| Available data |
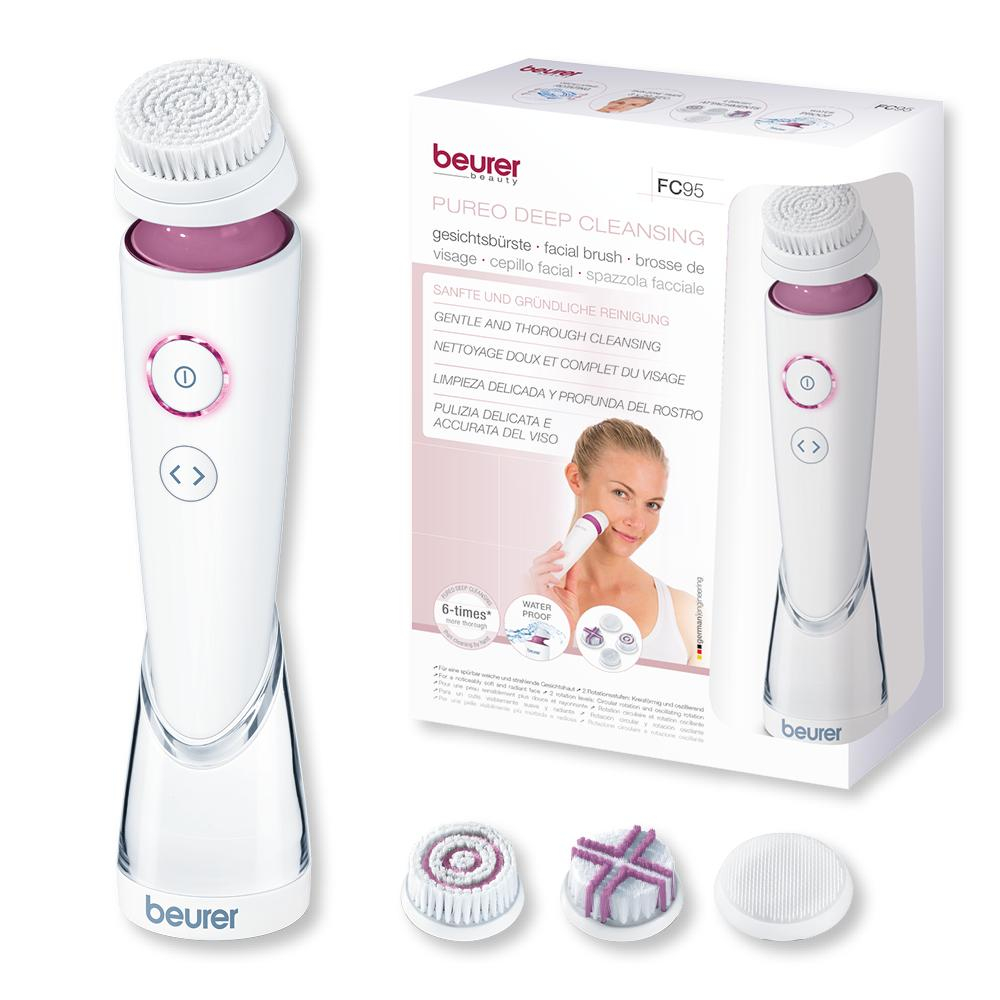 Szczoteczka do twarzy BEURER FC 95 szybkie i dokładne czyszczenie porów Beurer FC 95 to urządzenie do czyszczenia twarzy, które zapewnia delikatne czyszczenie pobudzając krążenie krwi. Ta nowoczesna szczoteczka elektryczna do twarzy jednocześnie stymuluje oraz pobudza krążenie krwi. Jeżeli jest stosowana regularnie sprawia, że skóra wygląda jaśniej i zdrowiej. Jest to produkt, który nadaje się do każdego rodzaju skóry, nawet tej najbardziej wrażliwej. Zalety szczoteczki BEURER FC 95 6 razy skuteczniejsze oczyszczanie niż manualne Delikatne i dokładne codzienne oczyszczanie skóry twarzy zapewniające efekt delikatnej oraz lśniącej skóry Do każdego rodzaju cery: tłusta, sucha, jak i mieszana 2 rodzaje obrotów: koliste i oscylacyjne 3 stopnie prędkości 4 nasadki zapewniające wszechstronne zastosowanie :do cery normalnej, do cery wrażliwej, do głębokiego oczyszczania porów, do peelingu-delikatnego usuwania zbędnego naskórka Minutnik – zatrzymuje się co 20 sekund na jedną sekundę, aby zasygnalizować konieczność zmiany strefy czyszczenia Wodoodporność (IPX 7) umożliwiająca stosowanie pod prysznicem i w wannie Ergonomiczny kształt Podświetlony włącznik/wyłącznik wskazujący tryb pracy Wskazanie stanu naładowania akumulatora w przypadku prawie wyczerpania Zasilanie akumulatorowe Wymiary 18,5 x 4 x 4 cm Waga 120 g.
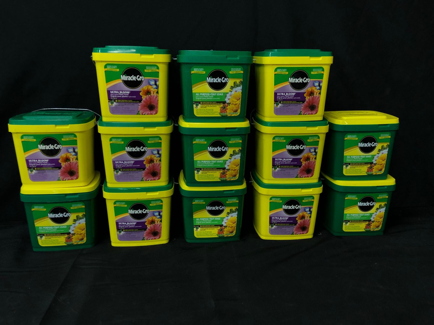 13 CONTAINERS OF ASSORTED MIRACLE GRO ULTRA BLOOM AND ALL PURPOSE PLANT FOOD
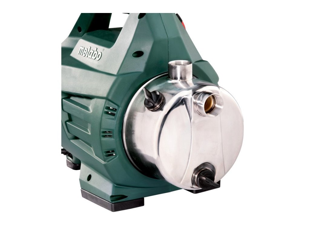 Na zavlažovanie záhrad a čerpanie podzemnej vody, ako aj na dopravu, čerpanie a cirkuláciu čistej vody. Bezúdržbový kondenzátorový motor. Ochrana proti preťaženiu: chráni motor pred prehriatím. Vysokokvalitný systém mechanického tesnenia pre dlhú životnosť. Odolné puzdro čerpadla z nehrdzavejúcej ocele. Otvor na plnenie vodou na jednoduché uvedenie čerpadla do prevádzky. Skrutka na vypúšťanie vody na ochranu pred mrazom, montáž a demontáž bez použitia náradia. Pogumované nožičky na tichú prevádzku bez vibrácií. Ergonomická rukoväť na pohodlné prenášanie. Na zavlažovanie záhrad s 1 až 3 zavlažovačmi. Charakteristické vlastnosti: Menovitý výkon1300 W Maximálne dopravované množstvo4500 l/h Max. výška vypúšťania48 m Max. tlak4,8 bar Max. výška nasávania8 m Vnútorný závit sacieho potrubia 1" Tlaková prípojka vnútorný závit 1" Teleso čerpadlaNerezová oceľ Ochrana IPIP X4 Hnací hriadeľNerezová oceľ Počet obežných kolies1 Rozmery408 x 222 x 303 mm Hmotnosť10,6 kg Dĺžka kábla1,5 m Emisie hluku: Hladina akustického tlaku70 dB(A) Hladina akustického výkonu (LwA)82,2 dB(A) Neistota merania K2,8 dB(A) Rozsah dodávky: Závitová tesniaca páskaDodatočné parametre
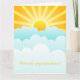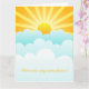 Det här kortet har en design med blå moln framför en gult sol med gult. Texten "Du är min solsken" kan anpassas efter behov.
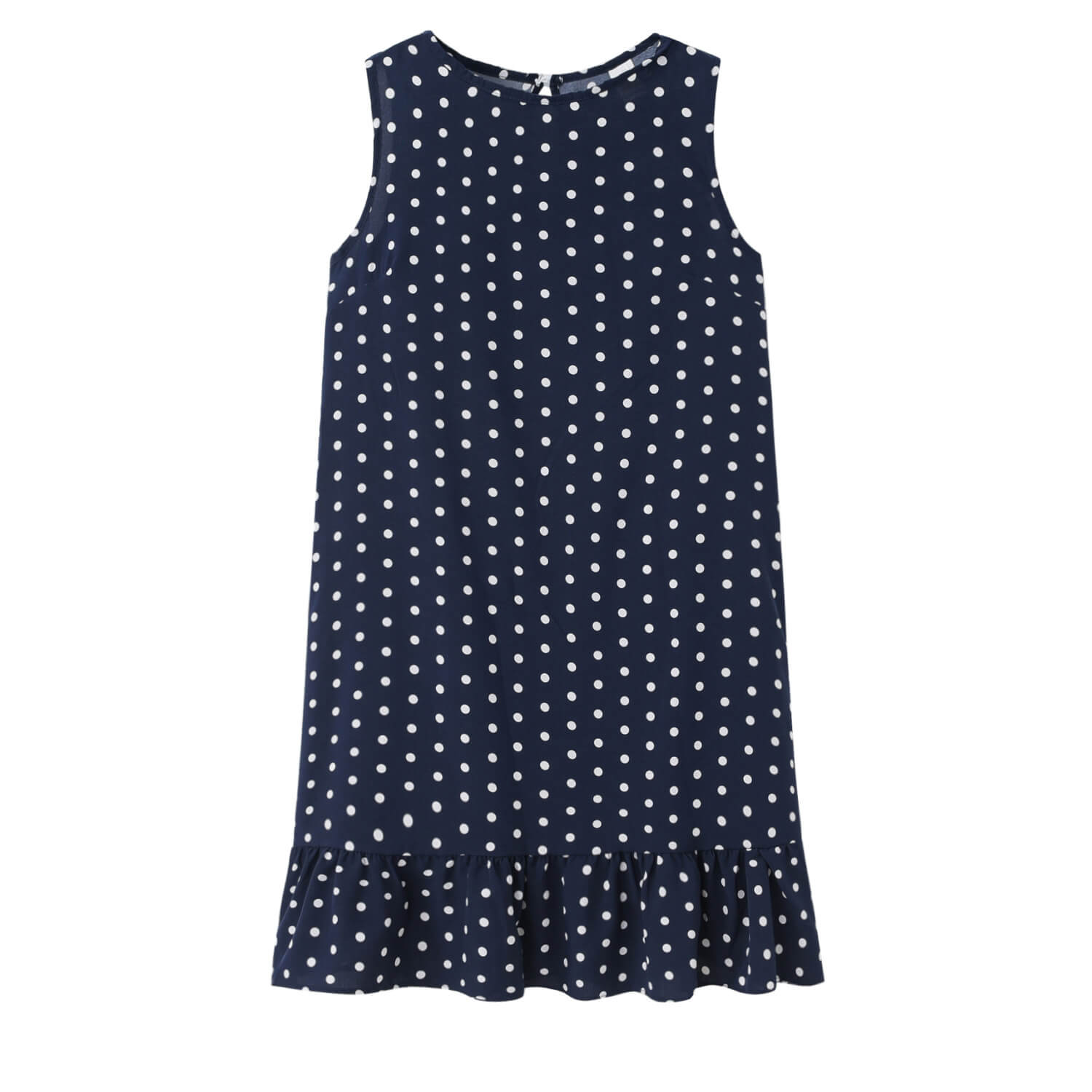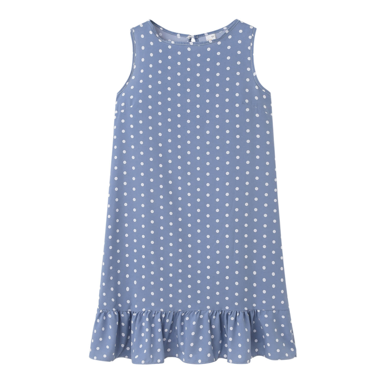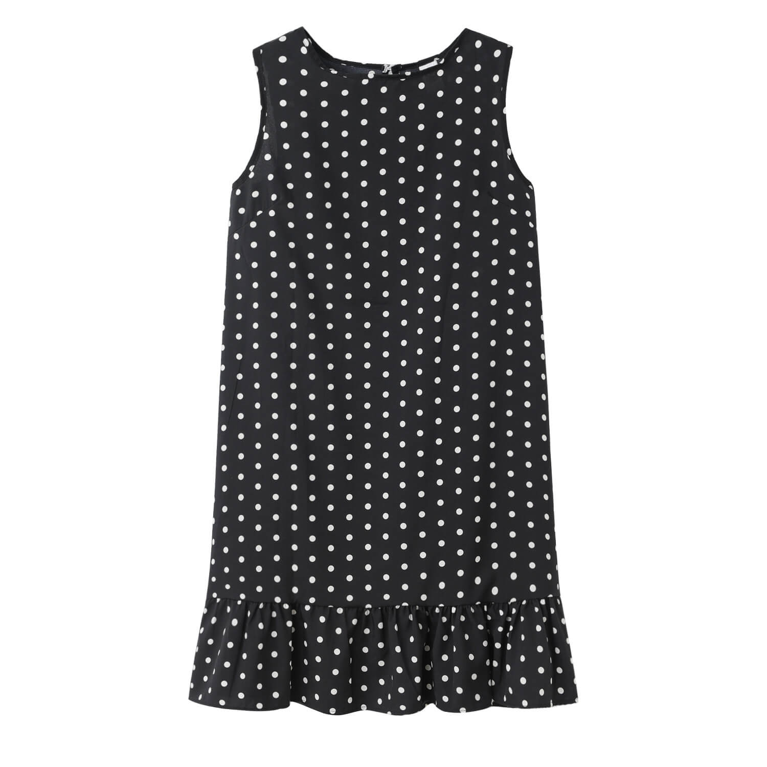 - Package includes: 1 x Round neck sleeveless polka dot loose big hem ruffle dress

| Aim of the task |
Only the lines from the one containing "13 CONTAINERS OF" through the last line of the entries, both included, should be repeated exactly, and the pictures should be left out.

| Task result |
 13 CONTAINERS OF ASSORTED MIRACLE GRO ULTRA BLOOM AND ALL PURPOSE PLANT FOOD
 Na zavlažovanie záhrad a čerpanie podzemnej vody, ako aj na dopravu, čerpanie a cirkuláciu čistej vody. Bezúdržbový kondenzátorový motor. Ochrana proti preťaženiu: chráni motor pred prehriatím. Vysokokvalitný systém mechanického tesnenia pre dlhú životnosť. Odolné puzdro čerpadla z nehrdzavejúcej ocele. Otvor na plnenie vodou na jednoduché uvedenie čerpadla do prevádzky. Skrutka na vypúšťanie vody na ochranu pred mrazom, montáž a demontáž bez použitia náradia. Pogumované nožičky na tichú prevádzku bez vibrácií. Ergonomická rukoväť na pohodlné prenášanie. Na zavlažovanie záhrad s 1 až 3 zavlažovačmi. Charakteristické vlastnosti: Menovitý výkon1300 W Maximálne dopravované množstvo4500 l/h Max. výška vypúšťania48 m Max. tlak4,8 bar Max. výška nasávania8 m Vnútorný závit sacieho potrubia 1" Tlaková prípojka vnútorný závit 1" Teleso čerpadlaNerezová oceľ Ochrana IPIP X4 Hnací hriadeľNerezová oceľ Počet obežných kolies1 Rozmery408 x 222 x 303 mm Hmotnosť10,6 kg Dĺžka kábla1,5 m Emisie hluku: Hladina akustického tlaku70 dB(A) Hladina akustického výkonu (LwA)82,2 dB(A) Neistota merania K2,8 dB(A) Rozsah dodávky: Závitová tesniaca páskaDodatočné parametre
 Det här kortet har en design med blå moln framför en gult sol med gult. Texten "Du är min solsken" kan anpassas efter behov.
 - Package includes: 1 x Round neck sleeveless polka dot loose big hem ruffle dress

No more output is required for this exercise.